*WORK REQUEST:*
Reproduce the material below only from the line with "また「define seal」のように「define 英単語」で検索すると、その英単語の定義の説明や" to the line with "White sleeveless midi", both included, keeping each line exact and dropping the pictures.

*INFORMATION SHOWN:*
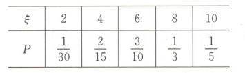 所以数学期望$E(\xi)=2 × \frac{1}{30}+4 × \frac{2}{15}+6 × \frac{3}{10}+8 × \frac{1}{3}+10 × \frac{1}{5}=\frac{106}{15}$.
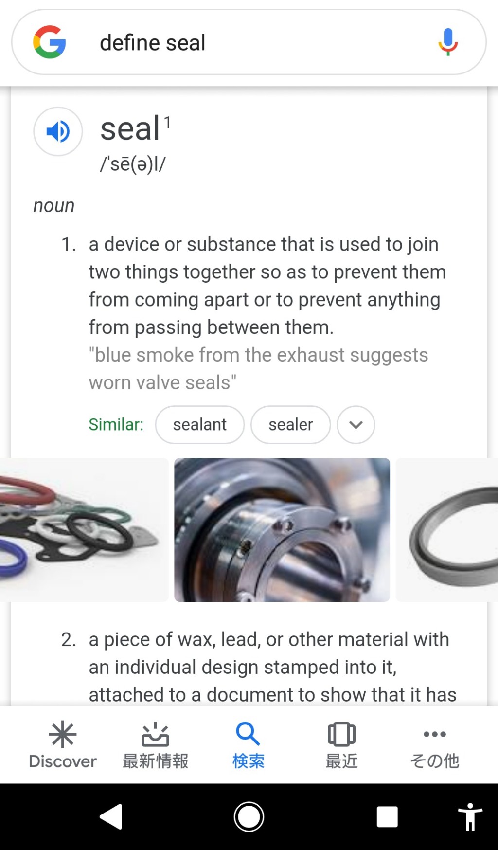 また「define seal」のように「define 英単語」で検索すると、その英単語の定義の説明や
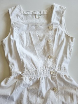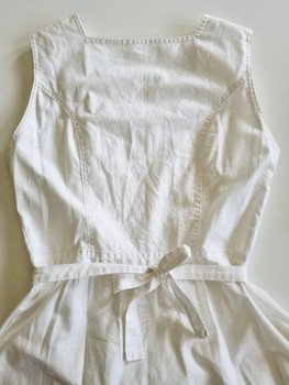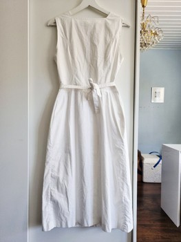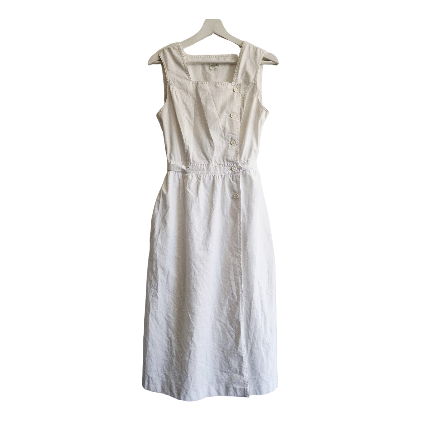 White sleeveless midi dress made of 100% cotton. Features a front-opening button placket and waist-tying straps. Side pockets! Thicker, soft, breathable cotton. Measurements: pit-to-pit 46 cm, width at waist 36 cm, length shoulder-to-hem 111 cm. Excellent condition, no issues. Check also my other listings, combined shipping possible! Please do not make extremely low offers, thank you.
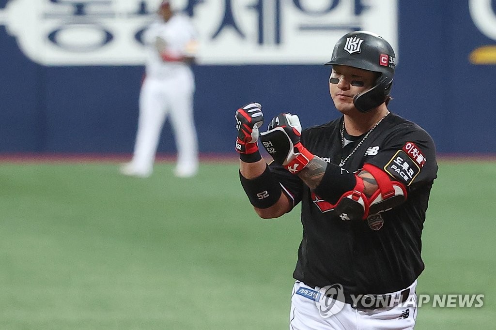 After a single and a walk put two men aboard, cleanup Park Byung-ho knocked in the game's first run with a single to center. Two batters later, Kang Baek-ho slapped a single to left field to double the Wiz's lead.

*OUTPUT OF THE TASK:*
 また「define seal」のように「define 英単語」で検索すると、その英単語の定義の説明や
 White sleeveless midi dress made of 100% cotton. Features a front-opening button placket and waist-tying straps. Side pockets! Thicker, soft, breathable cotton. Measurements: pit-to-pit 46 cm, width at waist 36 cm, length shoulder-to-hem 111 cm. Excellent condition, no issues. Check also my other listings, combined shipping possible! Please do not make extremely low offers, thank you.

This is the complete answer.